When Live Nation reported $1.8 billion in first-quarter revenue in May, CEO Michael Rapino told investors, “Artists are back on the road and fan demand has never been stronger.” But while the concert business has largely returned to financial health in 2022 after a wobbly recovery last year, a number of acts eager to get back on the road and tap back into their primary income stream have instead found prohibitive costs that would significantly eat into or eliminate profits. And that has left them frustrated, if not furious, that the bullish picture painted by promoters and venues has eluded them.
A confluence of devastating economic factors — gas prices, artists flooding venues to make up revenue lost in the pandemic, airport chaos, supply chain shortages for tour buses, drivers, crew and equipment — has throttled even the heartiest of touring acts, especially indie artists. “The smaller shows are getting annihilated,” says Brian Ross, manager of Thievery Corporation, Guerilla Toss and Forty Feet Tall. He estimates net tour profits dropped 10% to 15% in spring and summer due to higher expenses.
Since Rapino’s rosy report in the spring, numerous previously successful touring acts have canceled shows for a variety of reasons, from COVID-19 to mental health to expenses, including Justin Bieber, Shawn Mendes, Ringo Starr, Jimmy Buffett and Animal Collective. “It’s pretty bad out there,” says Tom Windish, the Wasserman agency head of A&R who represents Billie Eilish, Tove Lo, Viagra Boys and others. “A lot of bands are going out on tour thinking they’re going to make money, and they came home and lost money.” Before the pandemic, Windish adds, many artists made their take-home pay on the “last 20% of the revenue — and now that 20% goes away.”
“It’s an extraordinarily challenging time,” says Joady Harper, founder and CEO of Rocky Road Touring, agent for U.K. bands The Mission, The Chameleons and Theatre of Hate, which postponed their 32-date triple bill club and theater tour until fall 2023 due to exorbitant costs and difficulties procuring visas. “Everybody’s sitting at home, twiddling their thumbs and counting their pennies, because the income they thought they’d have for that period just isn’t there.”
For Harper, whose company represents more than 50 acts, 2022 began in a “high spot,” with artists excited to hit the road post-quarantine and fans buying plentiful tickets. Then Russia invaded Ukraine, gas prices and plane fares shot up, and many tours were “no longer financially viable.”
“All of that on top of the already-tapped mental, spiritual, physical and emotional resources of just having made it through the past few years,” Santigold posted on Facebook in September when she announced she was canceling her tour. “Some of us are finding ourselves simply unable to make it work,” she wrote, striking a chord with frustrated musicians.

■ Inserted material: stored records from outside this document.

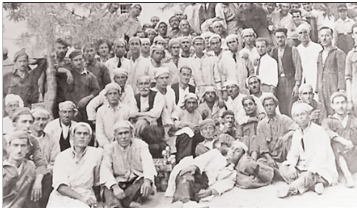
▼ Καπνεργάτες σε καπναποθήκη της Καβάλας το 1925. Οι καπνεργάτες νηήρξαν από τα πιο μαχητικά και συνειδητοποιημένα τμήματα της εργατικής τάξης τον Μεσοπόλεμο. Οι απεργίες τους το 1927-28 νηήρξαν σταθμός στην ιστορία του εργατικού κινήματος.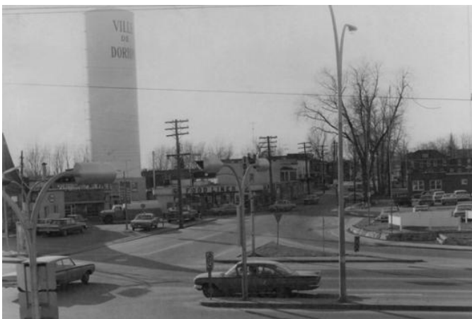
Le boulevard Harwood coin Saint-Charles en 1966 (avant la construction des viaducs). © Centre d'archives de Vaudreuil-Soulanges, Fonds Centenaire de Dorion, M01b18,9.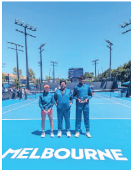
- తరువాయి 2లో..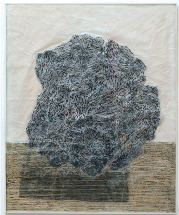
Valérie Novello, Boule , Papier du japon, pastel sec, 120 x 93 cm, 2021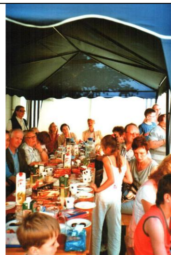
Общение и чаепитие по окончании «торжественной части»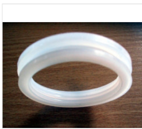
uszczelka rury pr... 1,00 PLN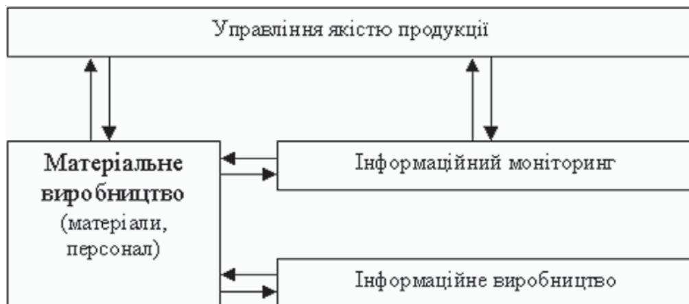
Рис. 1. Інформаційно-інтегрована система якості

Тому систему якості можна представити як єдність матеріального й інформаційного виробництв (рис. 1).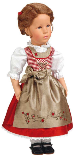
Viktoria 47cm Handgestopft

„Die Neuheiten 2016 sind eingetroffen“ Wir laden Sie von 11,30 – 16 00 Uhr ins Museum nach Kevelaer Hauptstr. 18 ein. Erstmals bieten wir Ihnen Gelegenheit, die Neuheiten 2016 nicht nur zu bestaunen. Gerne können Sie die neue, sehr gelungene krusische Kollektion erwerben oder bestellen. Für diese Sonderveranstaltung übernehmen wir den Eintritt ins Museum.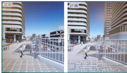
立体歩行者道路からの追浜駅前の眺め

追浜駅前将来型のシミュレーション動画がサンビーチ追浜の4階にある追浜えき・まち・みちデザインセンターで公開されています。画面が2分割され、現在の追浜を3D化した「従前」と将来の追浜を3D化した「計画」の映像が、歩行者やドライバーの目線で比較しやすいように表現されています。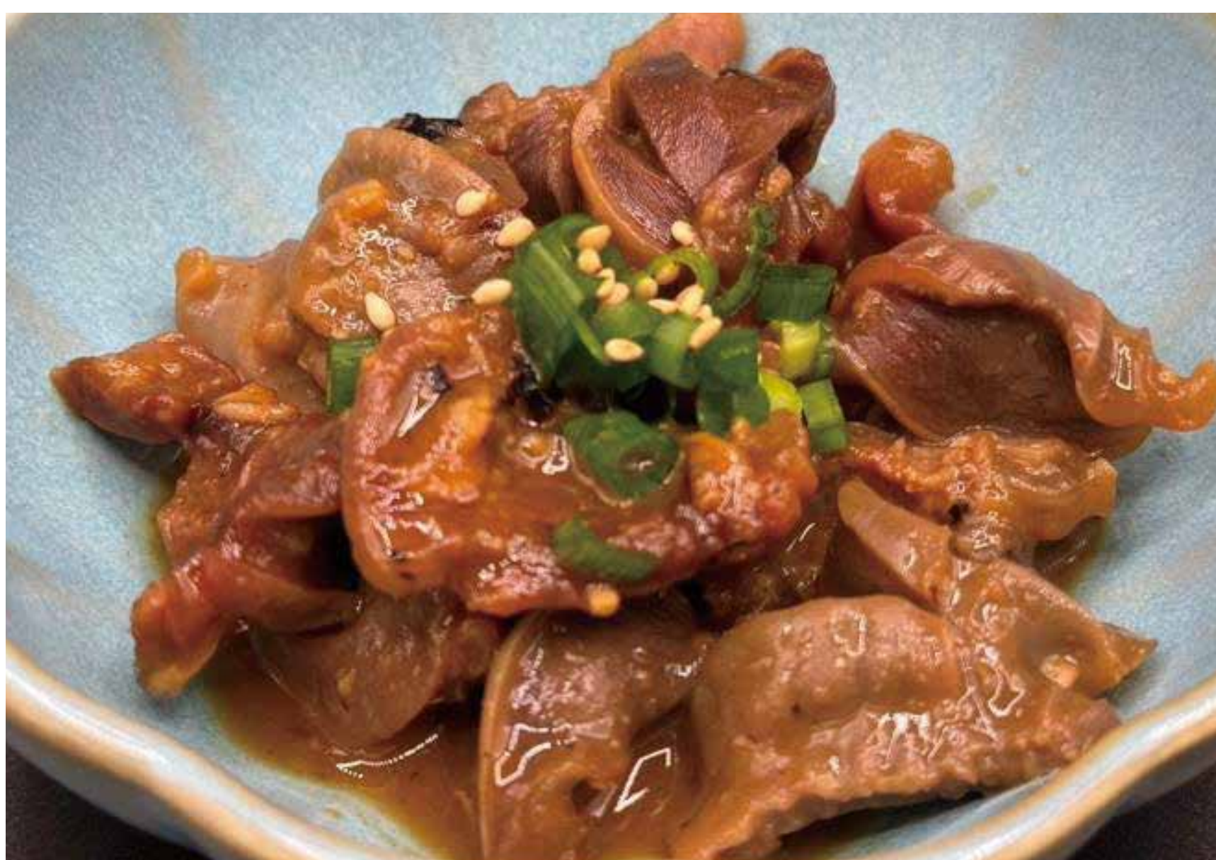
砂ずり 味噌煮込み 580円 (638円税込)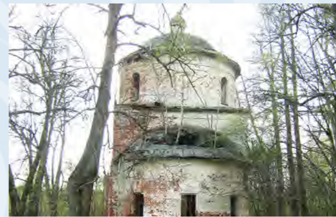
Храм после 80-летнего осквернения. Май 2012 года.

Да в том, что мы с БОГОМ и многие познают и приходят к Нему, а они нет. Церковь стоит, идет живая молитва к Богу, и врата ада ее не одолеют. Познание Бога, воцерковление русского народа к сожалению идет недостаточно быстро. Враг не дремлет, и старается завладеть умами людей (особенно молодого поколения,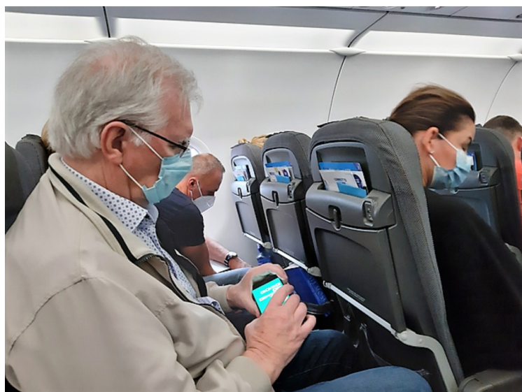
Her sitter jeg på flyet. For å få tiden til å gå legger jeg kabal på mobilen.

Vi kjørte til Gardermoen den 2. oktober og satte bilen fra oss på Dalen Parkering . Dalen Parkering har buss som kjører til og fra flyplassen. På flyplassen var det lang kø i innsjekkingen hos Apollo. Flyet gikk fra Oslo Lufthavn Gardermoen etter planen klokka 11.10. Det var SAS som var chartret av Apollo for denne turen.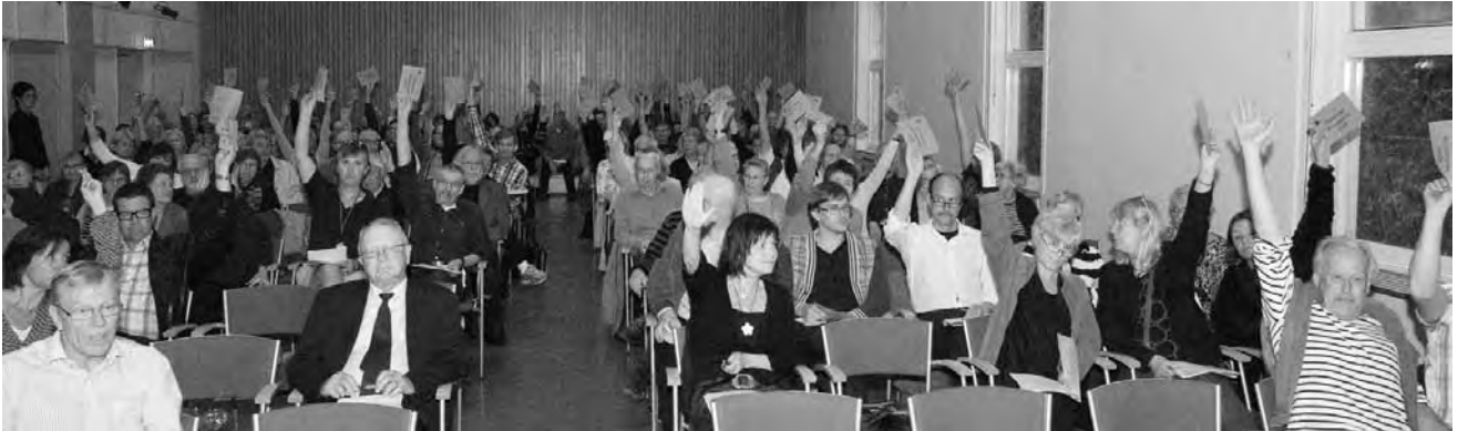
Mycket att rösta om och ovanligt många som ville rösta var det på årets stämma.

Årsstämman hölls torsdagen den 23 april i Masthuggets hus stora sal. Inte helt oväntat infann sig betydligt fler medlemmar denna gång än vad som är brukligt och orsaken var säkert frågan om dygnet-runt-låsta ytterdörrar.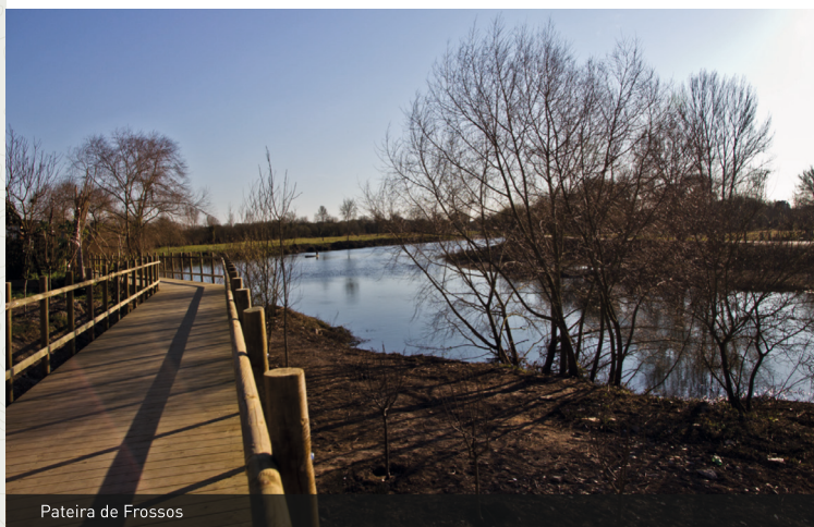
Pateira de Frossos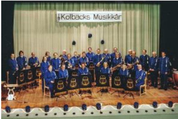
Kolbäcks Musikkår i Linneabion 2005.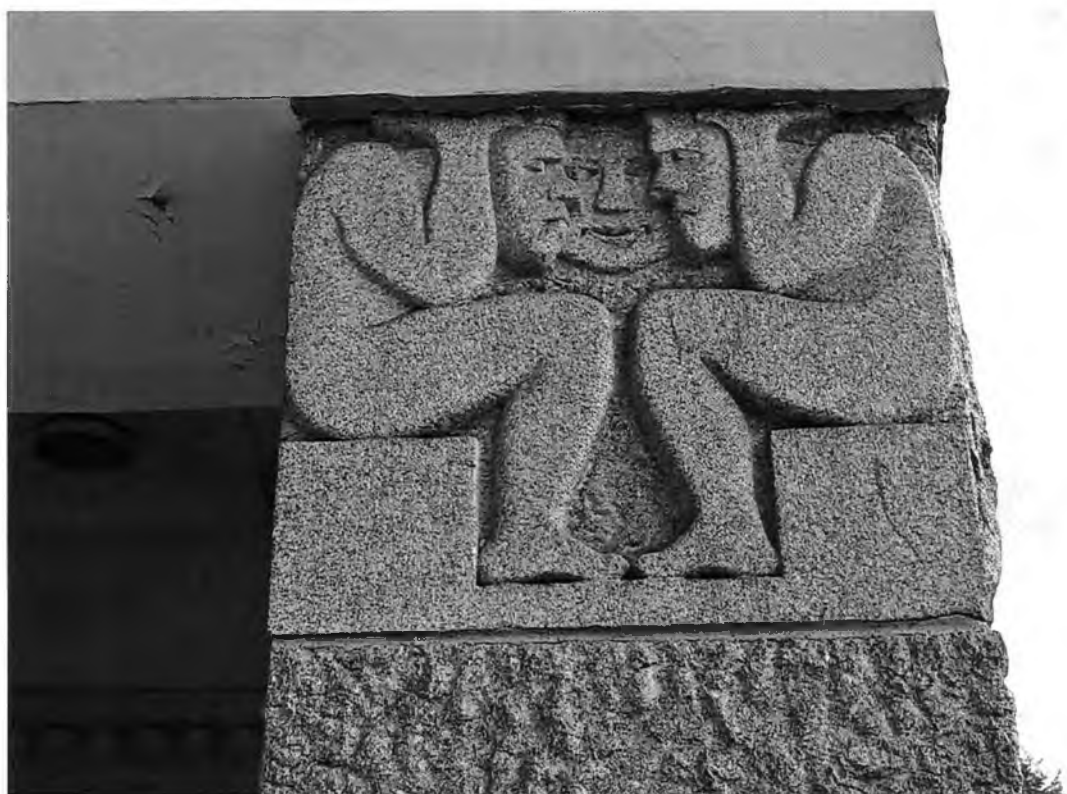
ФОТО 5. Декоративное оформление стен крыльца-ниши.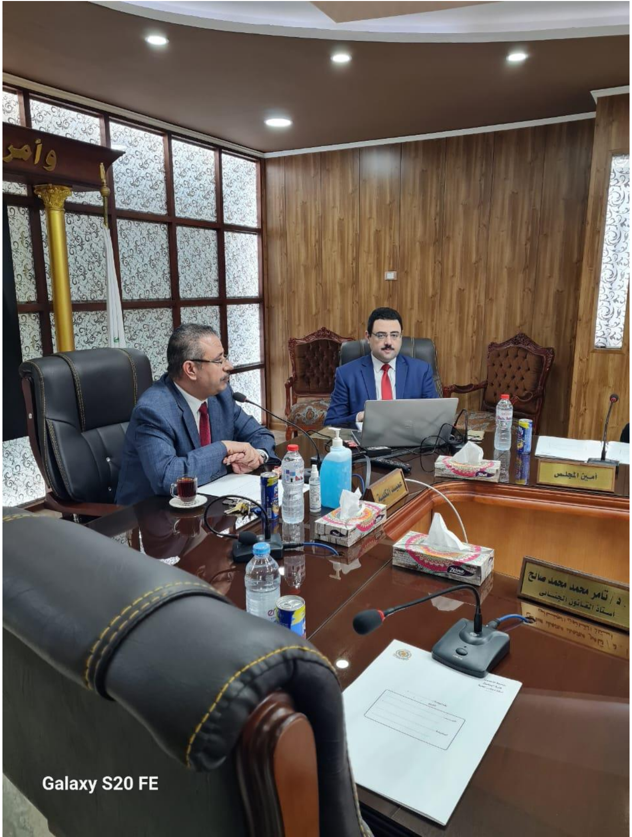
Galaxy S20 FE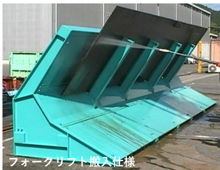
フォークリフト搬入仕様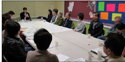
<2019년 부활 견진 교리반 > ↑ 매 주일 오후 12시 30분 112호실에서 견진 성사를 위한 교리 수업이 4월 7일까지 있습니다.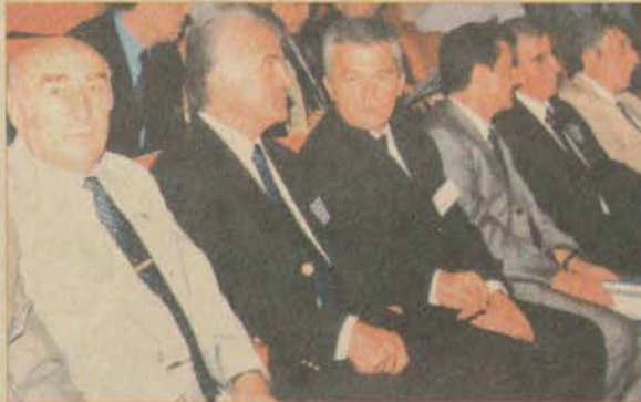
Toplantının açılışına Devlet Bakanı Fikret Ünlü, Eskişehir Valisi Sami Sönmez ve Rektör Engin Ataç da katıldı. Bakan Ünlü, toplantının sonunda bir de değerlendirme konuşması yaptı.

Toplantıda, üniversiteler sporun gelişmesine yönelik olarak geliştirdikleri projeleri anlatırken, federasyonlar da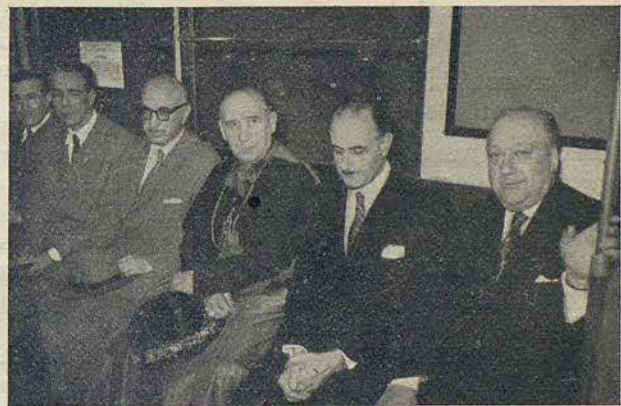
Detalle de la inauguración del Metro Transversal en su prolongación hacia la avenida de la Meridiana

Con sencillos conceptos, la distinguida pedagoga declinó todo elogio, que trasladó a la Escuela que regenta, y recordando que el 4 de febrero de 1900, el Ayuntamiento de Barcelona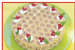
Charlotte de mermelada de frambuesa con bavarois de chocolate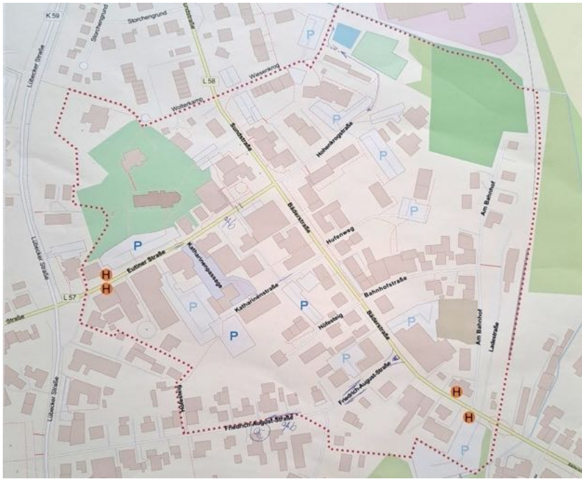
Abbildung 7: Karte Gruppe 4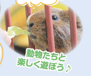
動物たちと 楽しく遊ぼう♪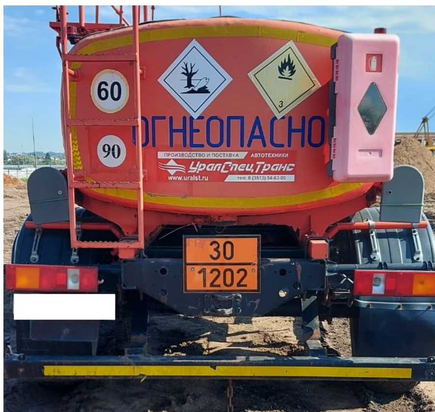
Рисунок 6 – Общий вид прицепа-цистерны УСТ 94651J зав.№ Z0V94651JC5000019

Схема пломбировки для защиты от несанкционированного изменения положения уровня налива, обозначение места нанесения знака поверки представлены на рисунке 7.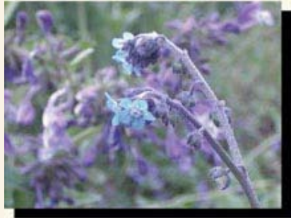
◎ 空谷幽兰 ——慕子摄于云南碧塔海山顶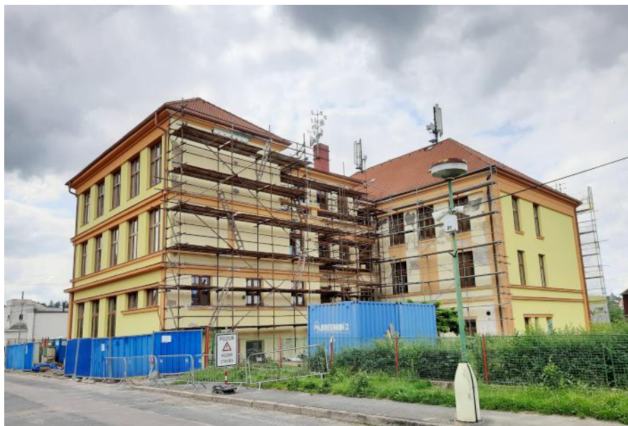
Budova základní školy - červenec 2021.

alespoň tuto cestu, která pomůže jednu z drobných žlebských památek zachránit.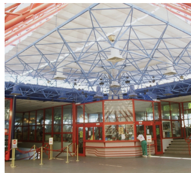
ESPACE LIBERTÉ 11 Narbonne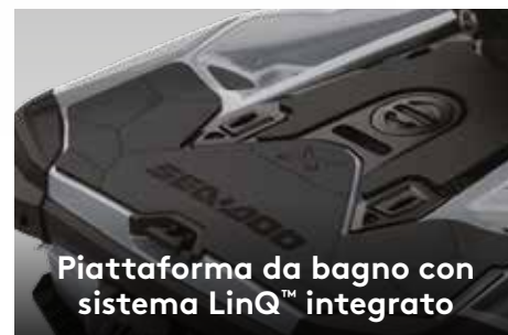
Piattaforma da bagno con sistema LinQ™ integrato

Il primo sistema audio Bluetooth 3 del settore montato dal costruttore e completamente impermeabile.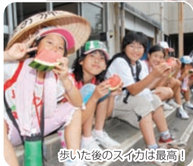
歩いた後のスイカは最高!

「歩けば歩くほど体力がつく。市内にはまだ知らないところがたくさんあった」と話してくれました。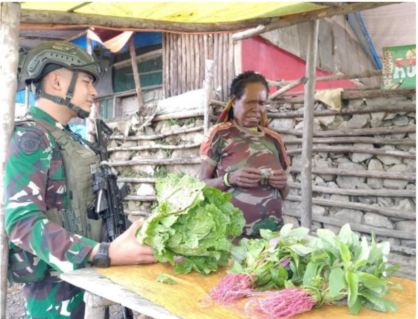
Prajurit TK Pintu Jawa Satgas Mobile Yonif 323/Buaya Putih Memborong hasil Tani mama Papua yang dijual di TK Pintu Jawa

Satgas Pantas Mobile Yonif 323 Buaya Putih Kostrad TK Pintu Jawa melaksanakan kegiatan ROSITA, kegiatan ini bertujuan untuk membeli hasil tani dari Mama-mama Papua yang datang ke TK Pintu Jawa sebagai wujud saling membutuhkan dan mendukung perekonomian warga setempat, yang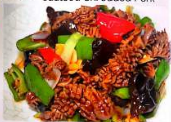
76 爆炒腰花 $ 12 Sauteed Pigs' Kinney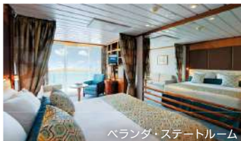
ベランダ・ステートルーム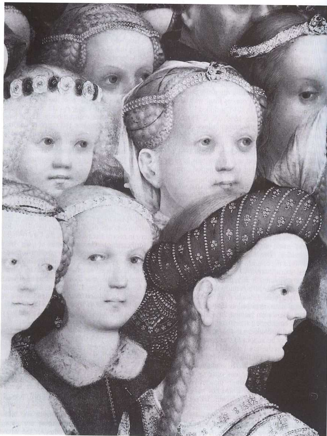
198 Stefan Lochner, triptych c. 1440, Cologne cathedral. Detail showing ladies wearing pins in their hair and dress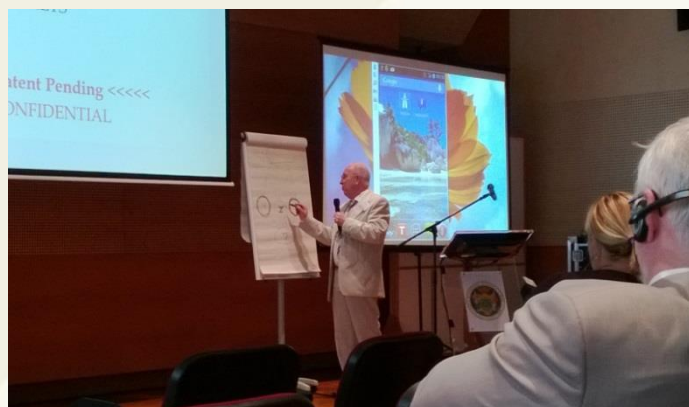
Projekta partneris prezentē inteligēntā transporta risinājumu iespējas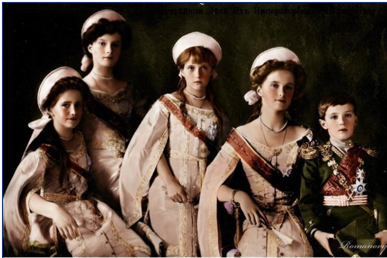
Дети Николая II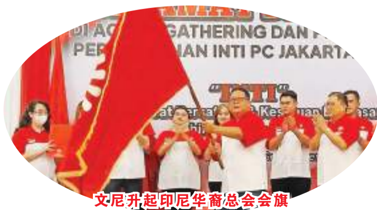
文尼升起印尼华裔总会会旗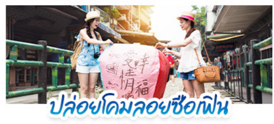
ปล่อยโดมลอยซื้อก๊ฟฟิน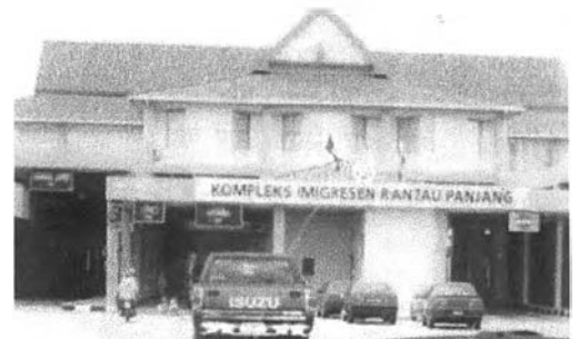
ด่านสุโขทัยที่ผักผลไม้ผ่านเข้า-ออกระหว่างประเทศ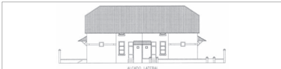
Figura 4 – Alçado Lateral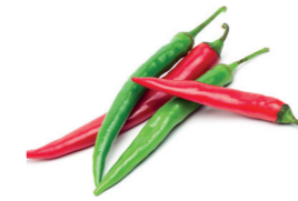
Acı Biber Ekstraktı Capsicum annuum extract İçeriğinde bulunan bileşenler sayesinde yağ yakımını hızlandırmaya ve selülit oluşumunun azalmasına yardımcı olmaktadır.

With a larger number of acts booked into a pandemic-reduced number of venues, the concert business’ supply-and-demand mechanics have shifted as well. An act that drew 1,000 fans to a show might now wind up with 800 people, according to David T. Viecelli, Chicago agent for Pavement, Joanna Newsom, Bonnie “Prince” Billy and Wire. “There’s too much going on, and people aren’t going to four shows a week anymore,” he says.
Even for largely sold-out tours like Pavement, the no-show rate has spiked due to illness or fear of it, which means a drop in merchandise sales, he adds. “It kind of hits you from all sides.”
In order to stay on the road, artists are strategically cutting costs. Ann Henningsen, who manages singer-songwriter Chris Berardo, says he has been performing more frequently with his acoustic trio than his preferred six-man rock band. Ross says Guerilla Toss has cut down on hotels. Sam Luria, who manages New Zealand’s Broods, says the duo’s lighting director programs the technology remotely rather than traveling with the crew. “You’re getting a pretty similar outcome,” he says, “but saving a good amount of money.”
One solution is that bands who might have been poised for headlining tours are pairing with others — Bodysnatcher is opening for Hatebreed, for example. “Maybe you’re not going to sell the same level of merchandise you would, but eventually you will,” says Scott Givens, senior vp of rock and metal at MNRK, the label representing Bodysnatcher. “You don’t want anybody losing money.”
Givens is optimistic the touring economic storm will pass, hoping for a broader recovery in the world economy. “We’ll be fine,” he says. Jeff DeLia, manager of The Blind Boys of Alabama, A.J. Croce and others, acknowledges the financial pain but adds that his clients remain upbeat, telling him, “We know this isn’t going to last, and we’ve just got to fight through these things.”